Trying to calculate the strength of a Bitcoin brain wallet created with a custom diceware password

Question

I want to create a brain wallet using a custom diceware since I don't like the original one. Instead of 7776 words it has 46656 because I use 6 dice for each word instead of 5, and also it only has words with many characters.

So this is what I got so far, please tell me if I made a mistake:

$$\frac{2 ^ {\log_2(46656) · 5} }{ (1 · 10^{15}) · (60 · 60 · 24 · 365)} = 7 \text{ years}$$

• $2 ^ {\log_2(46656) · 5}$ is the entropy for a password of 5 words
• $1 · 10^{15}$ is 1 Phash/s, which is the hashing power I'm assuming for this attacker.

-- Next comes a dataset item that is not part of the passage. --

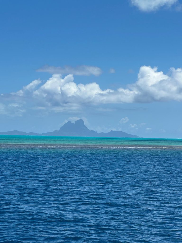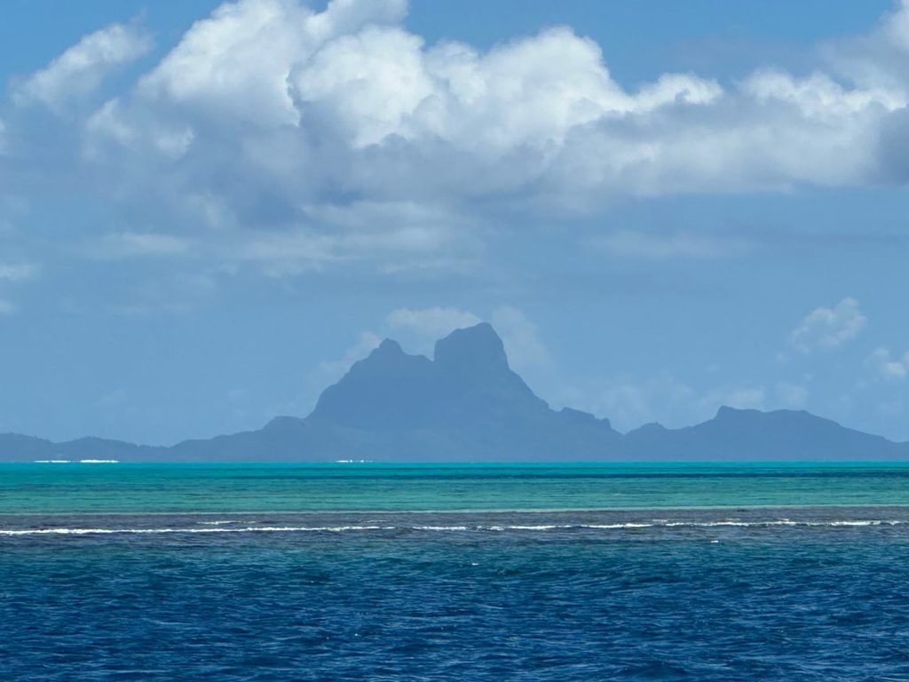 7.00 Uhr früh und alle sitzen schon am Frühstückstisch. Um acht wollte Martin los nach Maupiti. Also Leinen los, durch den Pass und bye bye Bora Bora, dieses Mal ein Abschied nicht nur für die Crew, sondern auch für Martin und mich.

I don't even know if this makes sense, because an attacker doesn't need to start over for each brain wallet he wants to crack, and also there might have been huge databases of precomputed sha256 hashes before Bitcoin even existed.
• $60 · 60 · 24 · 365$ represents a year in seconds.

Answer 1

Generally correct.

It would take approximately 7 years to brute-force all possible keys generated by your brainwallet format, for an attacker with 1Petahash/sec hashing power. For reference, the current hash rate of the entire Bitcoin network is roughly 1 exabyte / second, 1000 times your hypothetical attacker's hash rate.

This means that on average it would take approximately 3.5 years to crack a single brainwallet.

You also mentioned precomputed hashes. For an attacker to precompute all of the given hashes (assuming 32 bytes per SHA256 hash), they would need to store $46656^5 * 32 \approx 7.07 * 10 ^ {24}$ bytes, amounting to 7.07 yottabytes. This is currently an unpractical amount of storage.